Мальчик сомневался. Я, видимо, казался ему — но любому своему впечатлению, даже имеющему основания, я не доверял полностью — интересным, но из-за моих авансов, остающихся всегда смесью лицемерного безразличия и страсти, ему трудно было создать обо мне четкое мнение: учитывая нарочито небрежный наряд — джинсы и рубашка цвета хаки, — кто я такой: просто прикольный мальчик — ну да, «мальчик»? — какой-нибудь придурок или переодетый вор-карманник? Чтобы успокоить его, я решил вести себя как можно более пошлым и неоригинальным образом.
— Мое первое впечатление, — начал я, но такой книжный язык мог перепугать нормального человека до смерти. — Нет, — пояснил я, — я увидел тебя и сразу подумал: вот мальчик из Англии. Только ступил на берег, — подумал я. Ну да, что еще я мог подумать? Что он не понимает язык, что он в чужом городе… Кто угодно может обвести его вокруг пальца… Ему могут втюхать стакан пива по двойной цене…

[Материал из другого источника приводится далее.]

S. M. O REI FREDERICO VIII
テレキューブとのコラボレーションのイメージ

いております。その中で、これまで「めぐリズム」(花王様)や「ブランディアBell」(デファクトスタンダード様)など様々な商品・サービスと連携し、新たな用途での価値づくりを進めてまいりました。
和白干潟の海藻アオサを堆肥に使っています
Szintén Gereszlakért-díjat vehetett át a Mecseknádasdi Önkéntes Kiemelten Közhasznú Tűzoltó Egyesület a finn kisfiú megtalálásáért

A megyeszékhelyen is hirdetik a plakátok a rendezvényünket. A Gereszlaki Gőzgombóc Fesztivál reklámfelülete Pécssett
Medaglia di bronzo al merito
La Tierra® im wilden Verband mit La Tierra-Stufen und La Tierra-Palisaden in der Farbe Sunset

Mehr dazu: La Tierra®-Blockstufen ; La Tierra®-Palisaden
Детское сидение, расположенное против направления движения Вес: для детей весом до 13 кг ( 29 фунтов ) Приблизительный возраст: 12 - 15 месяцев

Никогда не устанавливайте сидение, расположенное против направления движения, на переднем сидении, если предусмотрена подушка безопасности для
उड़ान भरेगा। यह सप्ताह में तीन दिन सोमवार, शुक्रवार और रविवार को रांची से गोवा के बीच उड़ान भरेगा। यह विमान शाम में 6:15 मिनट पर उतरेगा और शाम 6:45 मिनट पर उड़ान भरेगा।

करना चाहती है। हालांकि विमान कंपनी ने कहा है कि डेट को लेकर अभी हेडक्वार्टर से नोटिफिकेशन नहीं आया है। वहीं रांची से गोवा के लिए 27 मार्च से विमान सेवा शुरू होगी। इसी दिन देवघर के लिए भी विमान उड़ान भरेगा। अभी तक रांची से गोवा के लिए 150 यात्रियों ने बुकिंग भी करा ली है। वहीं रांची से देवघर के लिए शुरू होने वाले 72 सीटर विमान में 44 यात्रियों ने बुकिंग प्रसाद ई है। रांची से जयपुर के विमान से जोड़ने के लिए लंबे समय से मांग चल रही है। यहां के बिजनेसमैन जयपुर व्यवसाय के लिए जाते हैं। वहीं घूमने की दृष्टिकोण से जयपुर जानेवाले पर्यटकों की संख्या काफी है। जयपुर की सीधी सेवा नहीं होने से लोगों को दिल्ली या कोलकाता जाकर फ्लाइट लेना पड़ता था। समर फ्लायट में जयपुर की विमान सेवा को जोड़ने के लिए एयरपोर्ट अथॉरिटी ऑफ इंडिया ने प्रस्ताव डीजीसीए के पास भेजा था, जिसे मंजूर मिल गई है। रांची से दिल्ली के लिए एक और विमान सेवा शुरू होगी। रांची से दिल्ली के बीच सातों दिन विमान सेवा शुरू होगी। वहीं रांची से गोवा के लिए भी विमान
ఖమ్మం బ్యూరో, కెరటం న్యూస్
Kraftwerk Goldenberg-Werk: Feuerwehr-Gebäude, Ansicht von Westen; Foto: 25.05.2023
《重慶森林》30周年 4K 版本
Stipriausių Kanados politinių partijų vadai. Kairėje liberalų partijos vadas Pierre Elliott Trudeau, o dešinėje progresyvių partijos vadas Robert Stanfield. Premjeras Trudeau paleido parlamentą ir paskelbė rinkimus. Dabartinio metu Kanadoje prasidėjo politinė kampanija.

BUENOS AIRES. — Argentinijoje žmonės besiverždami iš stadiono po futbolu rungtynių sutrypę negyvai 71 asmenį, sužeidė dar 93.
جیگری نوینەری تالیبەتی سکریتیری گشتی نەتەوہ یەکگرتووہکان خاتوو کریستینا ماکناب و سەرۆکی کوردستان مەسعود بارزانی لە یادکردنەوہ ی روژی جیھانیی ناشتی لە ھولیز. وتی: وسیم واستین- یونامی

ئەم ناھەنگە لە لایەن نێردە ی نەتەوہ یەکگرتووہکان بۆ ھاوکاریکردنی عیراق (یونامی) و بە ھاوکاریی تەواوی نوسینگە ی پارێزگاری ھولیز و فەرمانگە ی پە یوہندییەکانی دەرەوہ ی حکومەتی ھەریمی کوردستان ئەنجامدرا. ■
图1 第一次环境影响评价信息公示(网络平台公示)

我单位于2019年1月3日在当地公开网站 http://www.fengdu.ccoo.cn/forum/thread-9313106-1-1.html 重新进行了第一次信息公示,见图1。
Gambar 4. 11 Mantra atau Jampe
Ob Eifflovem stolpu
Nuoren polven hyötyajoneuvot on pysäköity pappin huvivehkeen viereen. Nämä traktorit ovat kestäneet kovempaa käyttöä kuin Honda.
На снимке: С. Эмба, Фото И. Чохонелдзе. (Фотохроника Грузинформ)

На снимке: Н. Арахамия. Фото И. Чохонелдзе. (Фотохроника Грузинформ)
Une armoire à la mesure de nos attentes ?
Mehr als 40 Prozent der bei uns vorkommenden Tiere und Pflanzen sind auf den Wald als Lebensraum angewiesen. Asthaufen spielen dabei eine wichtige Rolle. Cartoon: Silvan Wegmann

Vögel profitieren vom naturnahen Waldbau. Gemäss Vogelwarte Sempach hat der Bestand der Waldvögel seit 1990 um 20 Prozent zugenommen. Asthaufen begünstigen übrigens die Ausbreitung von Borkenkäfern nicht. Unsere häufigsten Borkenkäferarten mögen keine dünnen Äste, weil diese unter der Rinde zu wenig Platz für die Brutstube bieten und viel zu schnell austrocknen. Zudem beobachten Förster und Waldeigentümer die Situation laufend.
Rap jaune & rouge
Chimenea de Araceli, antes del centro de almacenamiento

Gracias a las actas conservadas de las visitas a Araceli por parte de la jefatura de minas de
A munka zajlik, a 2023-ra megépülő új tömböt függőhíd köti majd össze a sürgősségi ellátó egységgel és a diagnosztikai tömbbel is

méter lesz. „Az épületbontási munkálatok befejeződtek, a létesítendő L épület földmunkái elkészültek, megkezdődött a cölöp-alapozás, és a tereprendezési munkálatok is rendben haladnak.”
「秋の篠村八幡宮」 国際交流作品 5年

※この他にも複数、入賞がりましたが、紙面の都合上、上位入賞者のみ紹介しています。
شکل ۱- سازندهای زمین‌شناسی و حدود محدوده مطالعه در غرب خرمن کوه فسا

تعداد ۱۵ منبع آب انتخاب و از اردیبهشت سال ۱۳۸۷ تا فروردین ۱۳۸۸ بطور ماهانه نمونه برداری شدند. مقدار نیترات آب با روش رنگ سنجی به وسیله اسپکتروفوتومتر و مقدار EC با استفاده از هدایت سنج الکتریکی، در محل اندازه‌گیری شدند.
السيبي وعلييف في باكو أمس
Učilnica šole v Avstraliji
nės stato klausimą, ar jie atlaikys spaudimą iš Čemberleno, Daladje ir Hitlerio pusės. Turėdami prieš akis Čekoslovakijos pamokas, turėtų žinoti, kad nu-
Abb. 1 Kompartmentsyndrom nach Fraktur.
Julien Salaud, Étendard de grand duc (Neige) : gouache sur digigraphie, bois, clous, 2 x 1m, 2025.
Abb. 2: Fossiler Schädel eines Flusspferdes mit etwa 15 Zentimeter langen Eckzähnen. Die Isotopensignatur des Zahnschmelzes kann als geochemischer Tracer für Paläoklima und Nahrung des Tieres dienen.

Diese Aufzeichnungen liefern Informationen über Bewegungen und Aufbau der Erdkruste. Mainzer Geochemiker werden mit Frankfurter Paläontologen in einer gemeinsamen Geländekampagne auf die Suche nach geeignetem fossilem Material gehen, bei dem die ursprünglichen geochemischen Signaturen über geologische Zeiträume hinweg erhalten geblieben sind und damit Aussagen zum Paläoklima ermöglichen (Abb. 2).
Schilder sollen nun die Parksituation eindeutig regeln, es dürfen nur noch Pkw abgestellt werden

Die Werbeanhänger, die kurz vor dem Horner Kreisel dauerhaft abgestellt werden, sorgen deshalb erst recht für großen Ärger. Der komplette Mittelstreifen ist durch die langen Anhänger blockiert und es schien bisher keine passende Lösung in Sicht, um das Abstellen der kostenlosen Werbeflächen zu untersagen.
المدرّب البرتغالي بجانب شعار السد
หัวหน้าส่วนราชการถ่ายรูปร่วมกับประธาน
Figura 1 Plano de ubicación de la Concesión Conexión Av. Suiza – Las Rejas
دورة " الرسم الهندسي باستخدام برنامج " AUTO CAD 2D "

Мной — хоть я сам этого и не желал, но и не смог противиться овладела какая-то заботливая нежность при мысли о том, что простодушному молоденькому англичанину, который так далеко от мамы — например, морскому бойскауту с британским флажком на рюкзаке — могут причинить зло, обмануть, даже обокрасть, если я не возьму его под свою защиту. Мне пришлось сдерживаться, чтобы на глазах у меня не выступили слезы, и мое самоуверенное лицо не превратилось в хнычущую пидорскую рожу. — Вот я подумал: спрошу, не хочет ли он зайти ко мне в гости что-нибудь выпить.
Мальчик, как мне показалось, почувствовал себя гораздо спокойнее и, улыбнулся — неуверенно и осторожно, но все же облегченно. В любом случае, недоразумений могли быть еще тьма: он мог подумать, что я и вправду приличный мужик, без задних мыслей, простой самаритянин, солдатская матушка… И только из-за кружки пива, на халяву, не удовольствия для, а развлечения ради, тащиться на другой конец города ему, может быть, и не захочется…
— И еще я, конечно, подумал — закончил я — что за таким мальчиком, поклонники должны бегать толпами.
И я нахально ухмыльнулся. Вот так, яснее некуда, или он уловит смысл этого завуалированного комплимента?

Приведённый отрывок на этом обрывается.